Instructions for the task:
No pictures, nothing altered: return the data below.

Data:
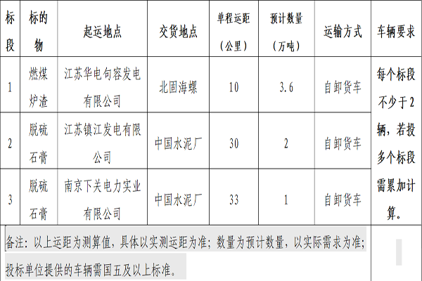 1.投标单位必须提供真实、合法有效的、具备公路运输的公司资质,投标时提供“三证合一”的营业执照副本、道路运输经营许可证副本、拟投入运输车辆的机动车登记证或行驶证复印件、车辆交强险保单、机动车第三
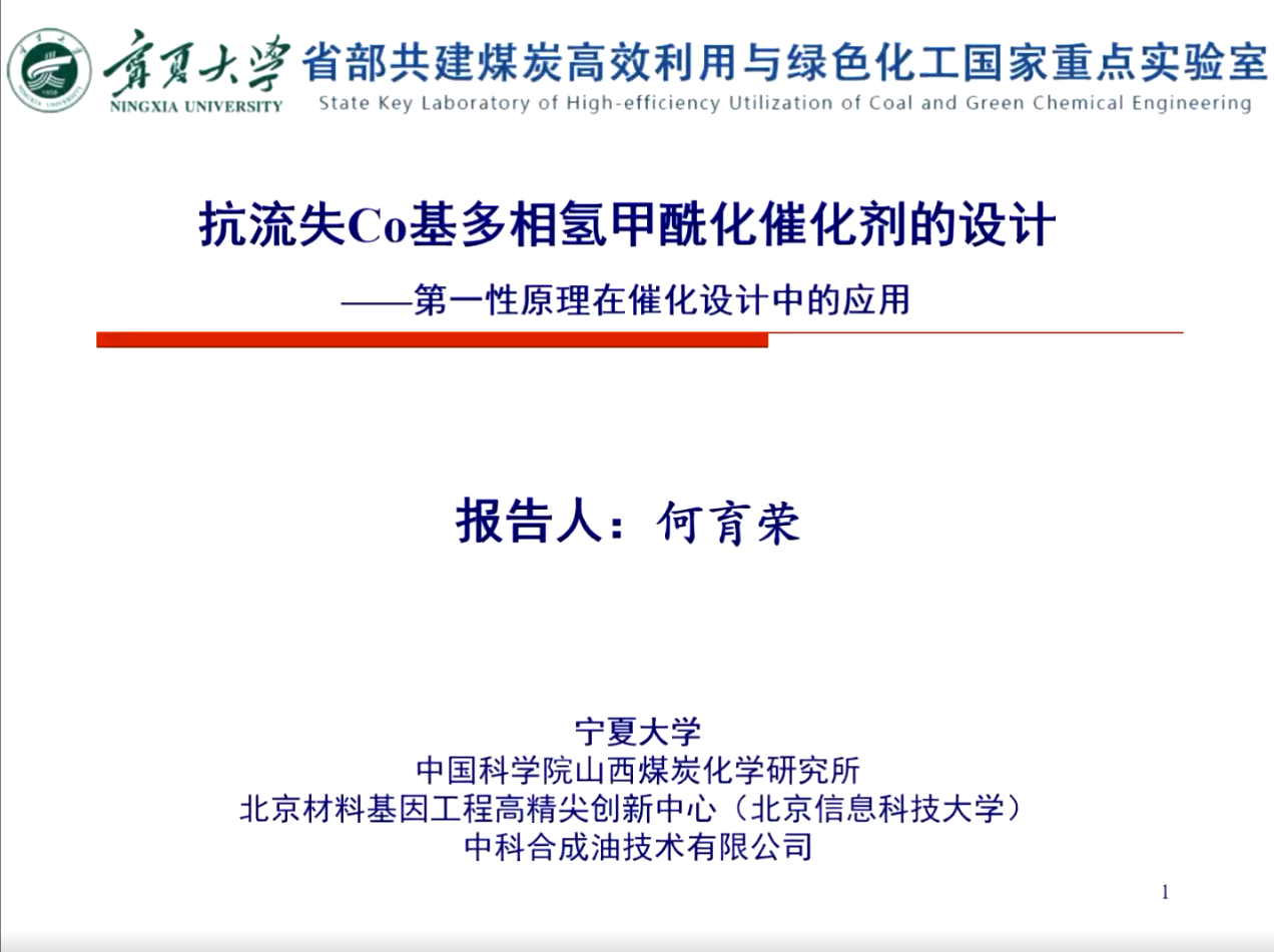 何育荣老师以“抗流失Co基多相氢甲酰化催化剂的设计”为题,从第一性原理计算和实验角度解读了金属催化剂在CO气氛下流失的机制,并通过金属间化合物的引入设计合成稳定的多相氢甲酰化催化剂,最后通过理论计算预测了新多相氢甲酰化的反应机理,为催化剂的设计和认识提供了新思考。
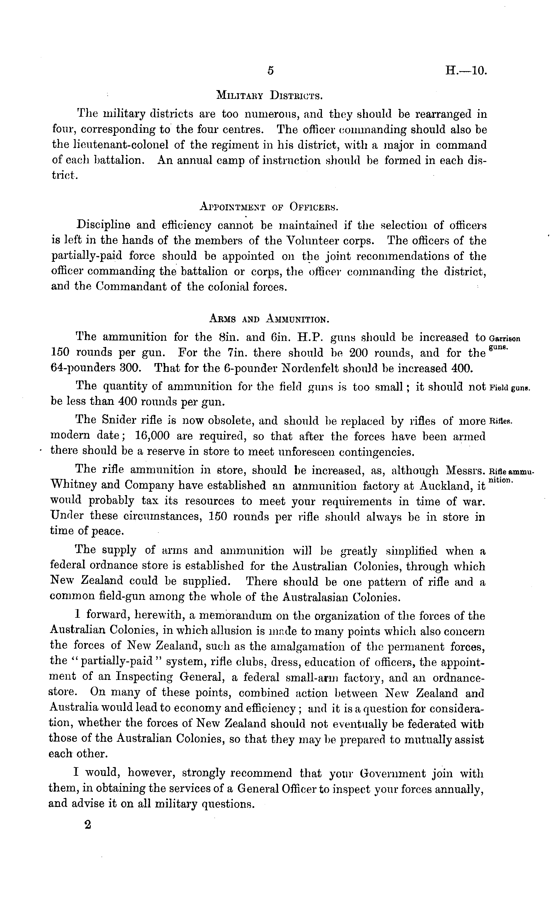 Military Districts. The military districts are too numerous, and they should be rearranged in four, corresponding to the four centres. The officer commanding should also be the lieutenant-colonel of the regiment in his district, with a major in command of each battalion. An annual camp of instruction should be formed in each district. Appointment of Officers. Discipline and efficiency cannot be maintained if the selection of officers is left in the hands of the members of the Volunteer corps. The officers of the partially-paid force should be appointed on the joint recommendations of the officer commanding the battalion or corps, the officer commanding the district, and the Commandant of the colonial forces. Arms and Ammunition. The ammunition for the Bin. and 6in. H.P. guns should be increased to 150 rounds per gun. For the 7in. there should be 200 rounds, and for the 64-pounders 300. That for the 6-pounder Nordenfelt should be increased 400. The quantity of ammunition for the field guns is too small; it should not be less than 400 rounds per gun. The Snider rifle is now obsolete, and should lie replaced by rifles of more modern date; 16,000 are required, so that after the forces have been armed there should be a reserve in store to meet unforeseen contingencies. The rifle ammunition in store, should be increased, as, although Messrs. Whitney and Company have established an ammunition factory at Auckland, it would probably tax its resources to meet your requirements in time of war. Under these circumstances, 150 rounds per rifle should always be in store in time of peace. The supply of arms and ammunition will be greatly simplified when a federal ordnance store is established for the Australian Colonies, through which New Zealand could be supplied. There should be one pattern of rifle and a common field-gun among the whole of the Australasian Colonies. I forward, herewith, a memorandum on the organization of the forces of the Australian Colonies, in which allusion is mr.de to many points which also concern the forces of New Zealand, such as the amalgamation of the permanent forces, the "partially-paid" system, rifle clubs, dress, education of officers, the appointment of an Inspecting General, a federal small-arm factory, and an ordnancestore. On many of these points, combined action between New Zealand and Australia would lead to economy and efficiency ; and it is a question for consideration, whether the forces of New Zealand should not eventually be federated with those of the Australian Colonies, so that they maybe prepared to mutually assist each other. I would, however, strongly recommend that your Government join with them, in obtaining the services of a General Officer to inspect your forces annually, and advise it on all military questions. 2

Result of the exercise:
 1.投标单位必须提供真实、合法有效的、具备公路运输的公司资质,投标时提供“三证合一”的营业执照副本、道路运输经营许可证副本、拟投入运输车辆的机动车登记证或行驶证复印件、车辆交强险保单、机动车第三
 何育荣老师以“抗流失Co基多相氢甲酰化催化剂的设计”为题,从第一性原理计算和实验角度解读了金属催化剂在CO气氛下流失的机制,并通过金属间化合物的引入设计合成稳定的多相氢甲酰化催化剂,最后通过理论计算预测了新多相氢甲酰化的反应机理,为催化剂的设计和认识提供了新思考。
 Military Districts. The military districts are too numerous, and they should be rearranged in four, corresponding to the four centres. The officer commanding should also be the lieutenant-colonel of the regiment in his district, with a major in command of each battalion. An annual camp of instruction should be formed in each district. Appointment of Officers. Discipline and efficiency cannot be maintained if the selection of officers is left in the hands of the members of the Volunteer corps. The officers of the partially-paid force should be appointed on the joint recommendations of the officer commanding the battalion or corps, the officer commanding the district, and the Commandant of the colonial forces. Arms and Ammunition. The ammunition for the Bin. and 6in. H.P. guns should be increased to 150 rounds per gun. For the 7in. there should be 200 rounds, and for the 64-pounders 300. That for the 6-pounder Nordenfelt should be increased 400. The quantity of ammunition for the field guns is too small; it should not be less than 400 rounds per gun. The Snider rifle is now obsolete, and should lie replaced by rifles of more modern date; 16,000 are required, so that after the forces have been armed there should be a reserve in store to meet unforeseen contingencies. The rifle ammunition in store, should be increased, as, although Messrs. Whitney and Company have established an ammunition factory at Auckland, it would probably tax its resources to meet your requirements in time of war. Under these circumstances, 150 rounds per rifle should always be in store in time of peace. The supply of arms and ammunition will be greatly simplified when a federal ordnance store is established for the Australian Colonies, through which New Zealand could be supplied. There should be one pattern of rifle and a common field-gun among the whole of the Australasian Colonies. I forward, herewith, a memorandum on the organization of the forces of the Australian Colonies, in which allusion is mr.de to many points which also concern the forces of New Zealand, such as the amalgamation of the permanent forces, the "partially-paid" system, rifle clubs, dress, education of officers, the appointment of an Inspecting General, a federal small-arm factory, and an ordnancestore. On many of these points, combined action between New Zealand and Australia would lead to economy and efficiency ; and it is a question for consideration, whether the forces of New Zealand should not eventually be federated with those of the Australian Colonies, so that they maybe prepared to mutually assist each other. I would, however, strongly recommend that your Government join with them, in obtaining the services of a General Officer to inspect your forces annually, and advise it on all military questions. 2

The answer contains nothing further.